A total of 24 mammalian genomes were compared, including six primates (human, chimpanzee, rhesus macaque, marmoset, tarsier, and gray mouse lemur), one colugo (flying lemur), one treeshrew (Chinese treeshrew), two rabbits (rabbit and pika), eight rodents (squirrel, guinea pig, lesser jerboa, blind mole rat, giant pouched rat, mouse, rat, and golden hamster), and six eutherians (pig, cow, horse, dog, elephant, and armadillo). The locations of MER21C and MER21B retrotransposons, which exhibited 88% similarity between their consensus sequences through pairwise alignment, are highlighted in red and purple, respectively.

We also compared MER21C sequences that overlapped with the first exon of GPR1-AS in each primate (345 bp, 339 bp, and 506 bp from humans, chimpanzees, and rhesus macaques, respectively) and rabbits (218 bp), the first exon of Liz in mice (317 bp), and the common sequence of MER21C (938 bp). Pairwise alignment revealed high similarities between primate sequences (71–72%) and the consensus MER21C sequence compared to rabbit (60%) and mouse sequences (46%)(Supplemental Fig. S3). Multiple sequence alignments and phylogenetic tree reconstruction reveal that the rabbit and mouse sequences deviate to a greater extent from the consensus MER21C sequence than the cluster formed by the primate sequences, indicating that a greater number of mutations have accumulated in the non-primate lineage of Euarchontoglires since their divergence from Primates (Fig. 5A). This observation aligns with the shorter generation time of lagomorphs and rodents compared to primates (Wu and Li 1985; Huttley et al. 2007).

Comparison of MER21C-derived sequences overlapping the first exon of GPR1-AS orthologs

(A) Phylogenetic tree of MER21C-derived sequences estimated by multiple sequence alignment (MSA) using multiple sequence comparison by log-expectation (MUSCLE) program. (B) Positions of common and unique cis-acting elements at each sequence. (C) Motif structures of the common region that contains E74-like factor 1 and 2 (ELF1 and ELF2) binding motifs. (D) Motif structures of transcription factor AP-2 gamma (TFAP2C) and Zinc finger and SCAN domain containing 4 (ZSCAN4).

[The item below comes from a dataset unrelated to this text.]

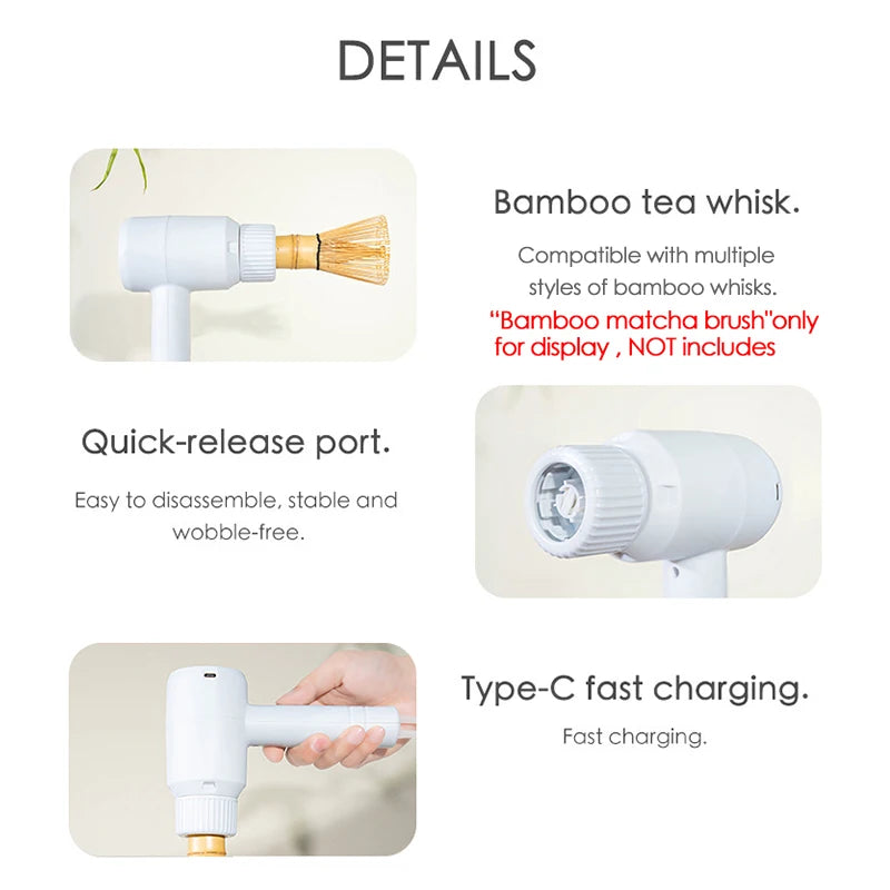 Electric Matcha Whisk Device Rechargeable Quickly Whisking Matcha Blender Tool for Home Beverage Shop DIY Tea-Making Tools

To identify common cis-motifs, we compared these sequences with known transcription factor-binding motifs using the TOMTOM program in the MEME suite. Through this analysis, we found a common region that contained an ETS family transcription factor (ELF1 and ELF2) binding site, which had significant matches with E-values < 0.01 and q-values < 0.01 (Fig. 5B,5C). Additionally, we identified the TFAP2 and ZSCAN4 binding motifs, defined as p-values = 1.58 × 10-5 and 7.24 × 10-7, from the JASPAR database at the first exon of human GPR1-AS and mouse Liz, respectively (Fig. 5B,5D). Since TFAP2C and ZSCAN4C are activated in the placental lineage and preimplantation embryos, respectively (Supplemental Fig. S4), these transcription factors may play a role in the transcriptional activation of GPR1-AS or Liz during embryogenesis by promoting LTR-derived promoter activity (Zhang et al. 2019; Papuchova and Latos 2022).

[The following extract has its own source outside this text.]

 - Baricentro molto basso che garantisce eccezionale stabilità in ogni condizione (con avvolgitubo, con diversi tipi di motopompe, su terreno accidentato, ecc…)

GPR1-AS transcription and LTR reactivation in human

GPR1-AS is reported to be expressed only briefly during embryogenesis, both before and after implantation, with the exception of the placental lineage. For instance, human GPR1-AS has been identified in ES cells, and mouse Liz expression has been observed in blastocyst-to-gastrulation embryos but not in gametes (Kobayashi et al. 2012; Kobayashi et al. 2013; Duffie et al. 2014). Therefore, it is likely that the expression of GPR1-AS/Liz is activated during preimplantation. To investigate the timing of GPR1-AS activation during embryonic development, we obtained public human RNA-seq data from the oocyte to blastocyst stages and performed expression analysis and transcript prediction (Kai et al. 2022; Zou et al. 2022b). Among the datasets from oocytes; zygotes; 2-, 4-, and 8-cell embryos; inner cell mass (ICM); and TE from blastocysts, GPR1-AS was only detected at the 8-cell stage, ICM, and TE (Fig. 6). Hence, the expression of GPR1-AS initiates at the 8-cell stage in humans. However, at the GPR1-ZDBF2 locus, both GPR1 and ZDBF2 were expressed in oocytes, but only GPR1 was downregulated after fertilization and could not be detected after the 8-cell stage (Fig. 6)(Supplemental Fig. S4). We also examined the LTR expression at each stage and found that MER21C expression increased from the from 4-cell to 8-cell stage and peaked at the TE, which coincided with the appearance of GPR1-AS (Supplemental Fig. S4, S5). Thus, GPR1-AS was shown to begin expression from the preimplantation embryo stage, concurrently with the reactivation of the MER21C retrotransposon.

Initiation of GPR1-AS transcription before implantation

Genome browser screenshots of the GPR1-ZDBF2 locus in humans during preimplantation stages: MII oocyte, zygote, 2-, 4-, and 8-cell, inner cell mass (ICM) and trophectoderm (TE) from blastocyst. Predicted transcripts were generated using publicly available placental full-length RNA-seq datasets.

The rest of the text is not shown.